The footage that appeared on Twitch was posted from an account created two months ago.
The assailant identified himself in accented English as “Anon” before denying the Holocaust, complaining about feminism and immigration and saying that “the root of all these problems is the Jew.”
He then drove to a synagogue on Halle’s Humboldt Street, an arsenal of weapons visible in his car. He struggled to enter the synagogue. After a woman spoke to him as she passed in the street, he shot her in the back, and then shot her several more times after she collapsed.
Unable to enter the synagogue even after shooting at the door, he drove to a kebab shop. He fired at two men cowering behind a beverage machine and then went outside, where he fired at several pedestrians. Later, he re-entered the shop and shot the body of one victim several times.
Twitch has doubled the number of moderators it employs this year, though it would not specify how many.
The company has been trying to broaden its appeal beyond video games, courting advertisers and soliciting content from artists, musicians, chefs and others.
Emmett Shear, the chief executive of Twitch, said at the company’s Twitchcon event in San Diego last month that safety was “a big concern,” acknowledging that users had been disappointed in the platform’s moderation practices after encountering “a lot of issues.”

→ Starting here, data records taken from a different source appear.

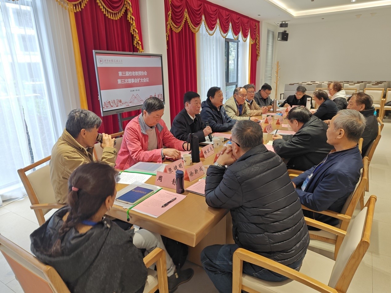 11月16日上午,校老教授协会在湖州“太湖椿”长三角复合式银铃住区会议室召开了第三届第三次理事会扩大会议。校党委副书记史健勇,校老教协会长夏斯云,副会长陈力华,秘书长林兰天,副秘书长张健明、刘牧众、陈月辉及全体理事和分会负责人,党委离退休工作部部长孙文钧参加会议。老教协副会长陈力华主持会议。
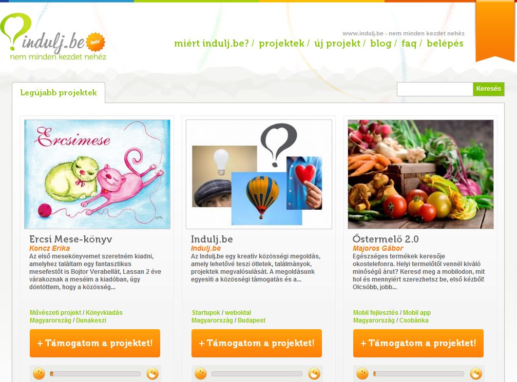 A hétfőn éjféltől élesben működő Indulj.be segítségével bárki kiadhatja a könyvét, lemezét, de ugyanígy lehetővé teszi egy festőművész eszközeinek beszerzését, egy új online szolgáltatás beindítását, egy mobil alkalmazás kifejlesztését vagy éppen egy új szuperkütyü prototípusának legyártását. – összegzi a szolgáltatás lényegét Moldován Csaba ötletgazda. Hetente több projekt jelentkezését várjuk, hiszen hatalmas igény mutatkozik a hiánypótló szolgáltatásra.
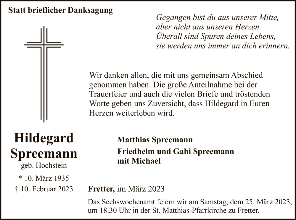 Hier finden Sie alle Traueranzeigen aus der Zeitung, die bisher für Matthias Spreemann erschienen sind. Weitere Traueranzeigen, die in der Zeitung erscheinen, werden hier ebenfalls aufgelistet
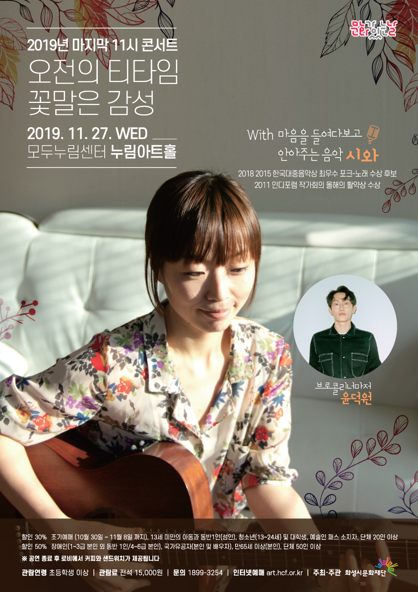 【[공 연]기획공연】오전의 티타임 꽃말은 감성〈시와X윤덕원〉 장소 누림아트홀 기간 2019년 11월 27일 ~ 2019년 11월 27일 공연시간 70분 티켓정보 전석 15,000원 관람등급 초등학생 이상 문의 1899-3254 티켓오픈 10월 30일(수) 오전 10시 11월 11시콘서트 80x120-홈페이지-외부.jpg [ Size : 1.33MB, Down : 144 ] 미리보기 다운로드 11시콘서트-11월-포스터a2(90장)ol.jpg [ Size : 697.32KB, Down : 142 ] 미리보기 다운로드 11월_11시콘서트-상세페이지ol.jpg [ Size : 3.23MB, Down : 1,443 ] 미리보기 다운로드 목록보기
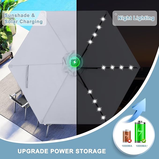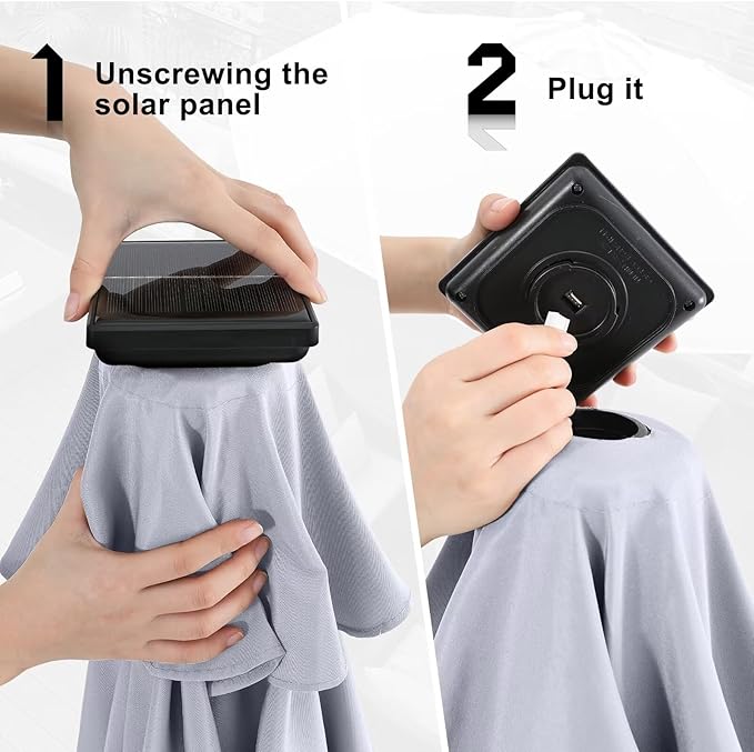 - ★ Hassle-free setup and storage with a detachable pole and crank handle; NOTICE: Please check the plug connection by unscrewing the solar panel before use, and the solar panel should be exposed to sun for 6-9 hours . If the light still not work, please contact us, we will solve this problem for you. Umbrella base not included
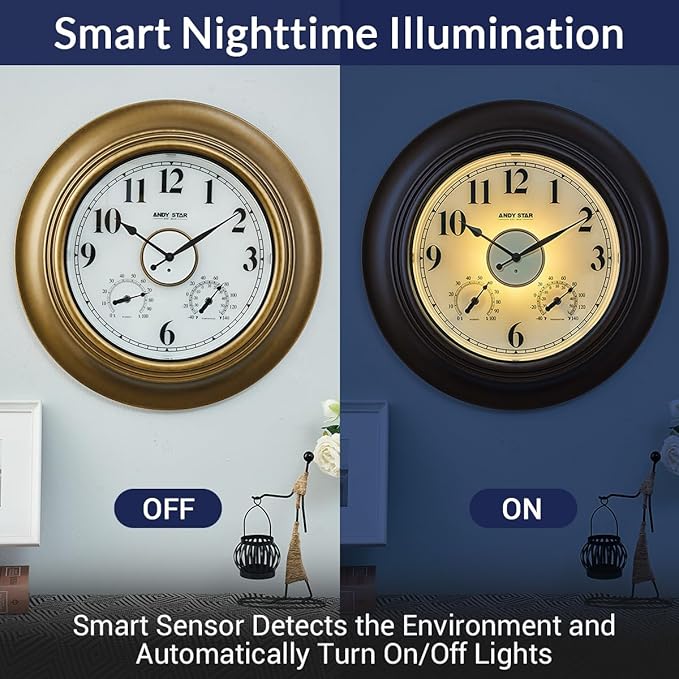 - Smart Light Sensor Technology: This 21 inch outdoor clock with temperature automatically illuminates with a warm backlight in the dark. It's easy to read from afar even then; The smart sensor lights up a warm glow at night and turns off in daylight;Select from Always On, Off, or 4 - hour timer backlight modes
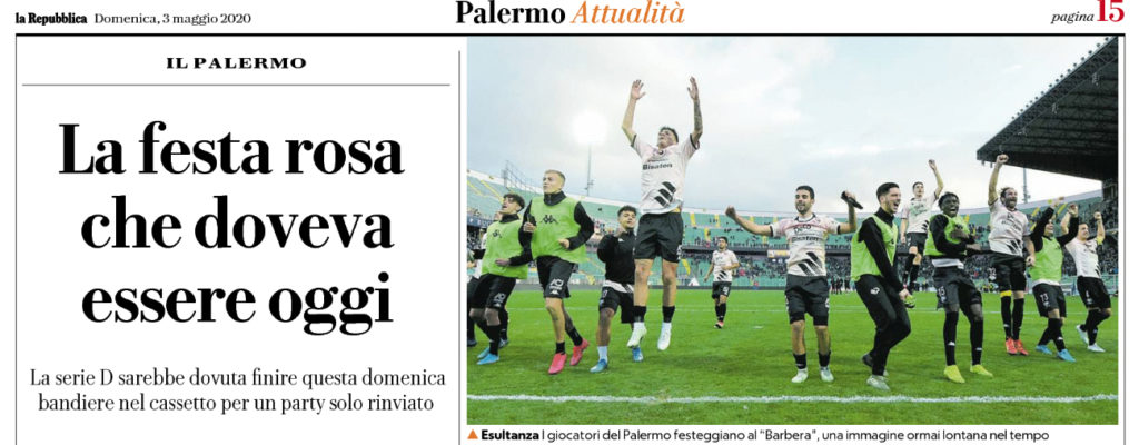 L’edizione odierna de “La Repubblica” ricorda che il campionato di Serie D sarebbe dovuto terminare oggi. Le sciarpe rosanero rimarranno nelle case di tutti i tifosi del Palermo. Alle 15 si sarebbe dovuta giocare l’ultima partita, al ” Silvio Proto” di Troina, poi al fischio finale una lunga processione di tifosi dall’Ennese fino al rientro in città per la festa. In molti l’avevano pensata così e non poteva essere diversamente, visto che sarebbe stata la prima promozione con il ritorno fra i professionisti dopo la radiazione. Molto probabilmente, la Lega Pro sarà il campionato dove giocherà il Palermo in caso di sospensione del campionato.
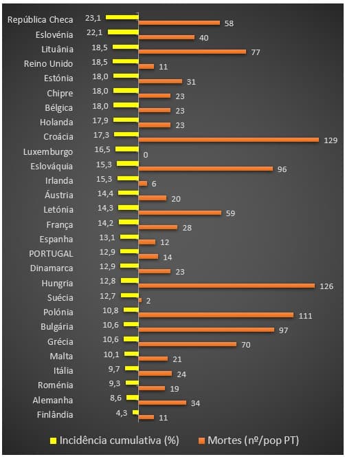 Numa altura em que os óbitos por esta doença em Portugal se situavam nos 14 por dia (média móvel de sete dias), três países superavam os 100 óbitos diários (padronizados à população portuguesa): Croácia (129), Hungria (126) e Polónia (111). Mais cinco registavam mais de 50 óbitos: Bulgária (97), Eslováquia (96), Lituânia (77), Grécia (70) e Letónia (59).
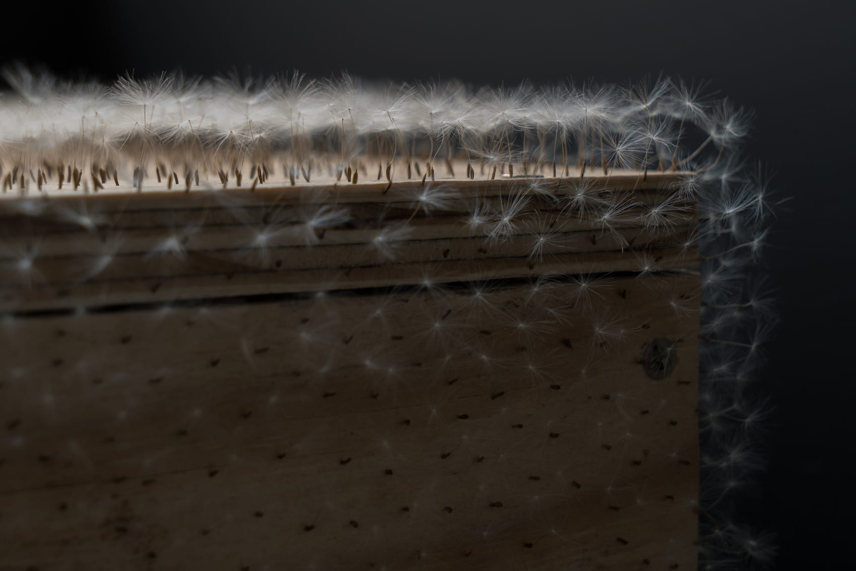 Okay then, an ingenious arrangement can engender awareness of spatial relationships, provide a much-needed sense of order, or offer purely aesthetic mysteries. Check! At the Chicago Artists Coalition, where resident Selva Aparicio has installed a simple casket covered in innumerable dandelion seeds, something entirely other occurs through those means, something that squeezes the heart tightly with sadness, then releases it in wonder. Ode to the Unclaimed Dead, displayed in a recessed niche evocative of Spanish burial traditions, appears from afar as if encased in a softly glowing halo. Up close, the wooden box is like gooseflesh, each of the tens, or maybe hundreds of thousands of seeds individually distinguishable, having been painstakingly affixed to the pine boards, one by one, with tweezers and imperceptible dabs of glue. The combined effect is of ennobled personhood, extended in requiem to those countless bodies that go untended after death — interred in mass coronavirus graves, buried under the rubble of war-torn Ukrainian cities, and so on, moving backwards through the cruel endings of human history, arranged.
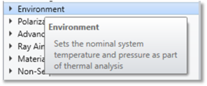 See Wavelengths and Thermal Analysis for more information. For more information on changing the temperature and pressure of individual surfaces see Defining multiple environments within a single configuration
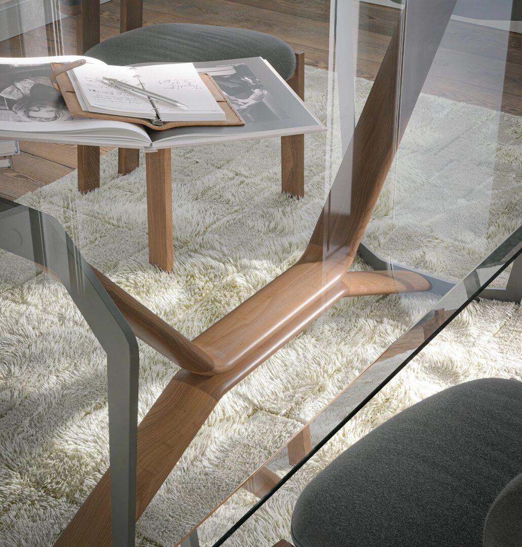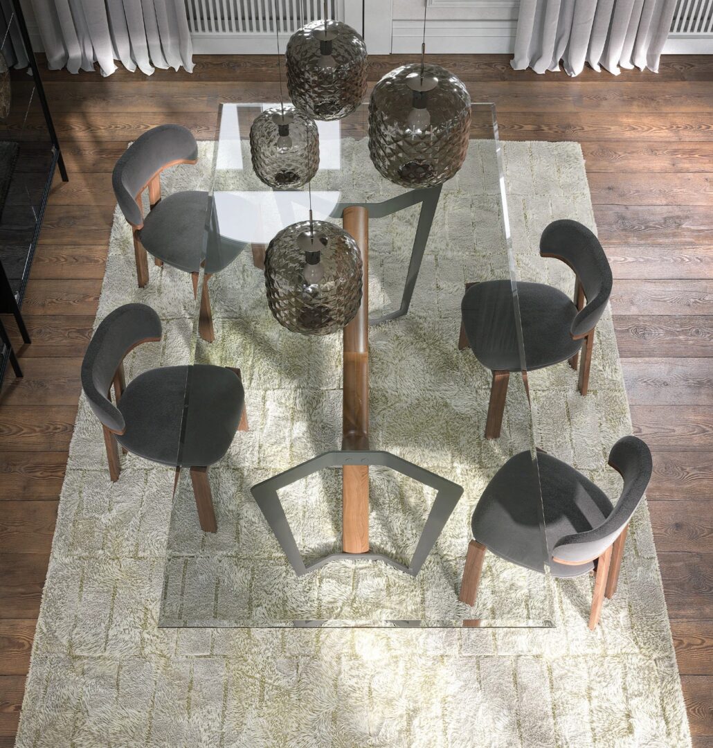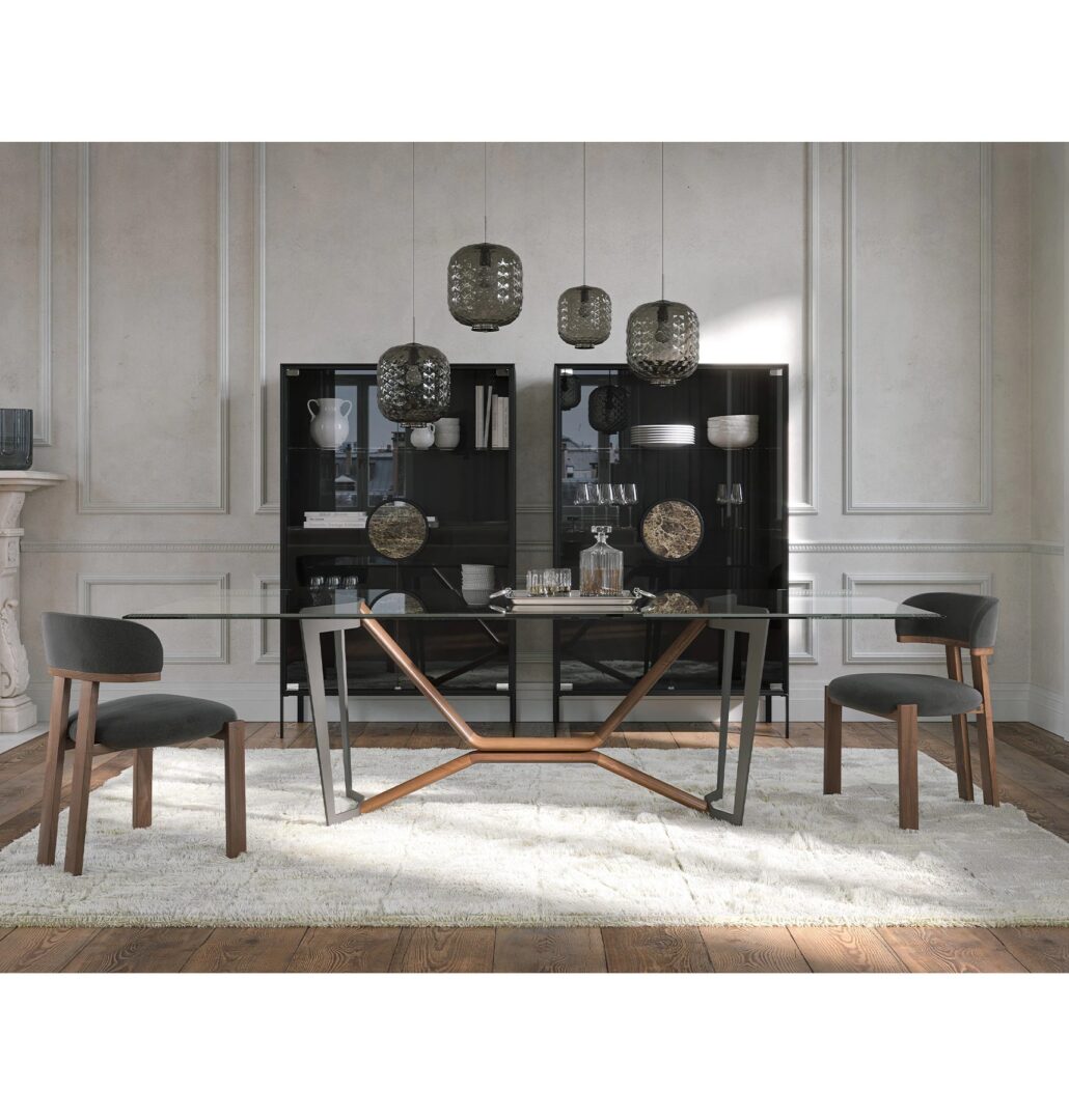 Стол Oliver представляет собой идеальное архитектурное сочетание материалов; основание, состоящее из окрашенного металла и массива дерева, поддерживает стеклянную или керамическую столешницу.
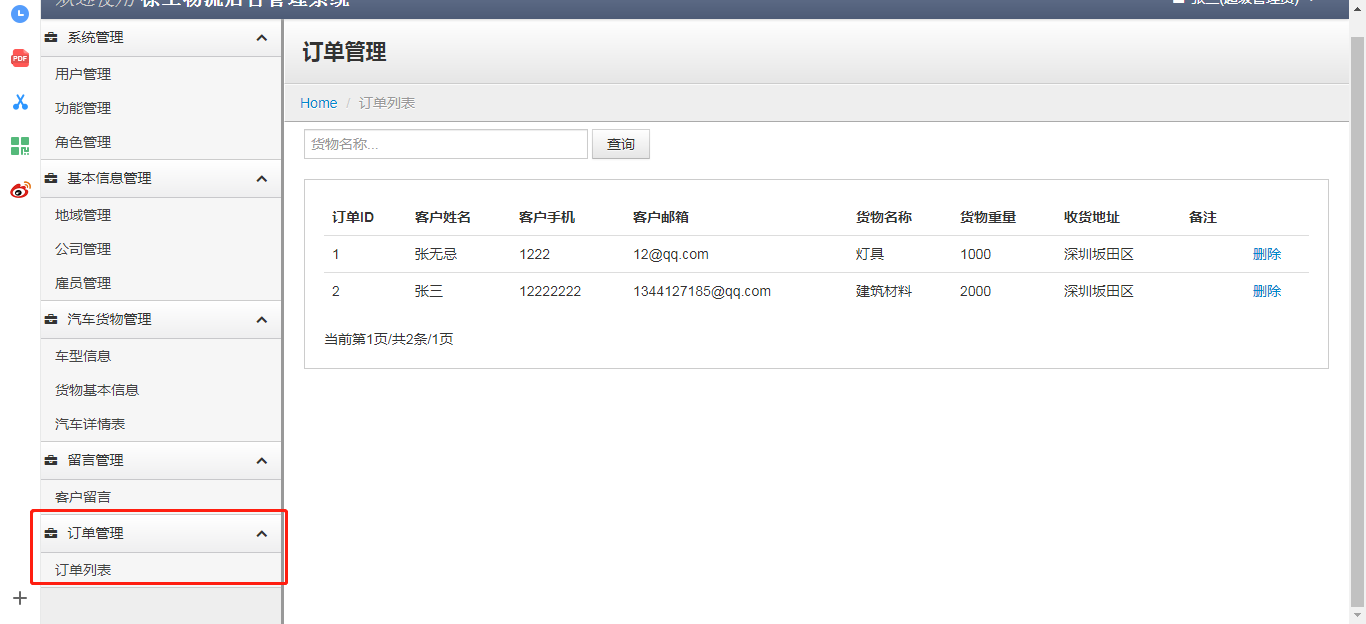 汽车货物管理: 车型信息、货物基本信息、汽车详情表。
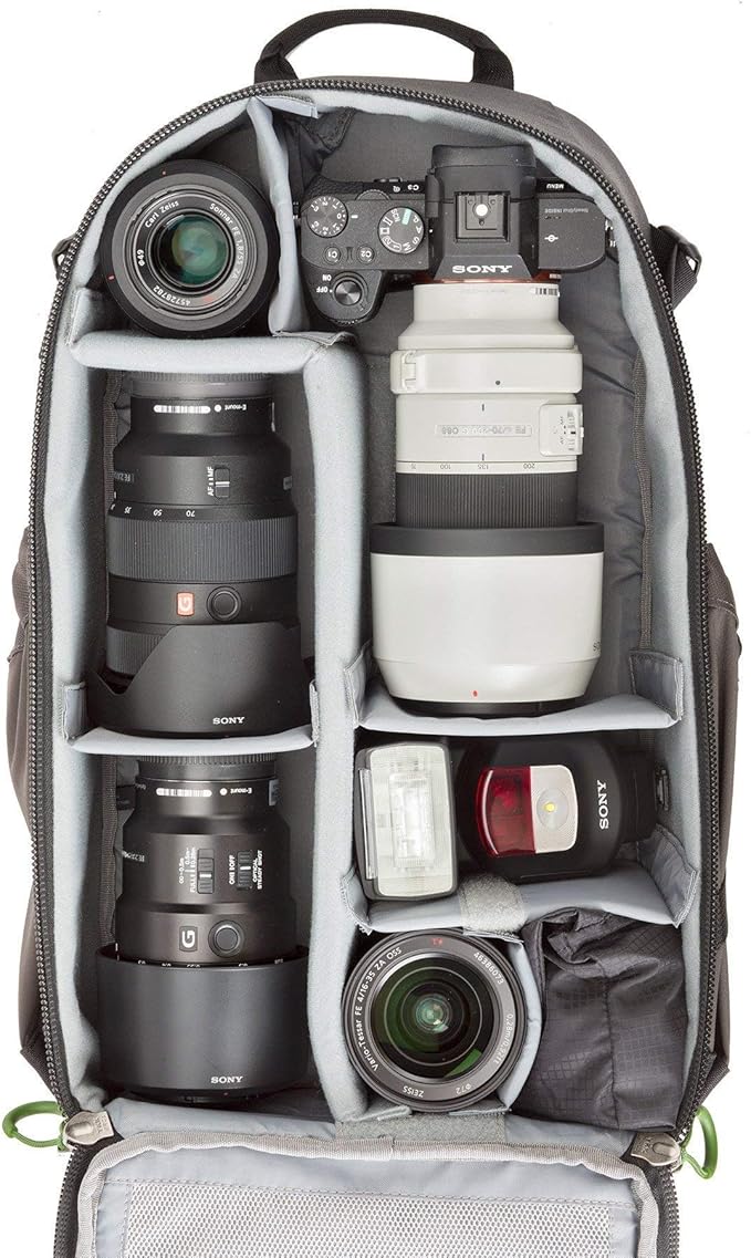 - Fits 1 standard-size DSLR and 4–6 standard zoom lenses including a 70-200mm f/2.8 attached with hood in the shooting position or 2 large Mirrorless bodies and 5–7 lenses plus a flash, Maximum lens size: 300mm f/2.8
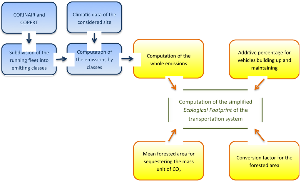 Figure 1 depicts the logical steps leading to the computation of the simplified ecological footprint of a given transportation system.
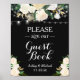 Letreiro de Casamento Assine nosso Livro de Visitas | Letreiro de Luzes de Corda Floral Branco Chic Cartaz Assine nosso Livro de Visitas!
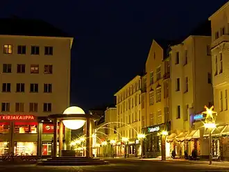 De l'autre côté de Kirkkokatu, la place centrale est bordée de bâtiments en pierre de style Art nouveau dont la maison Pallas, conçue en 1907 par l'architecte Valter Thomé et la banque d'épargne régionale d'Oulu conçue en 1911 par Wivi Lönn[2].
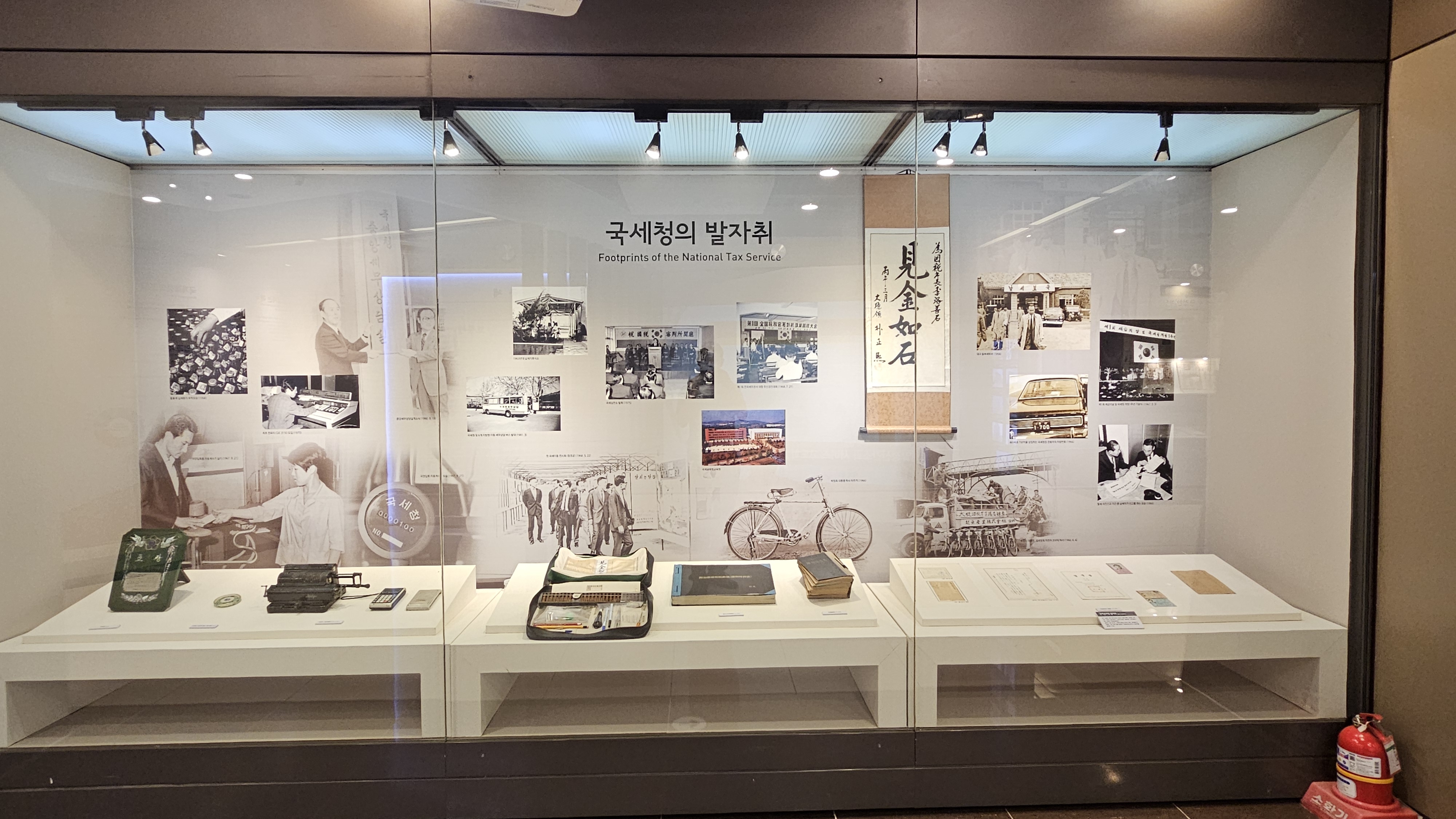 옛날 국세청에서 사용하던 계산기와 세무조사원의 가방에 들어있는 주판과 필기도구들, 국세공무원 임명장 등이 전시되어 있네요.

“We haven’t always been consistent in our enforcement,” he said. “You have to remember we have to do this 24/7, in many different languages, in many different countries and time zones.”
He said improving Twitch’s moderation process, clarifying its community guidelines and providing more transparency would be “a perpetual investment for us.”
“It’s one of the biggest challenges facing every social media service on the internet, and particularly facing Twitch,” he said.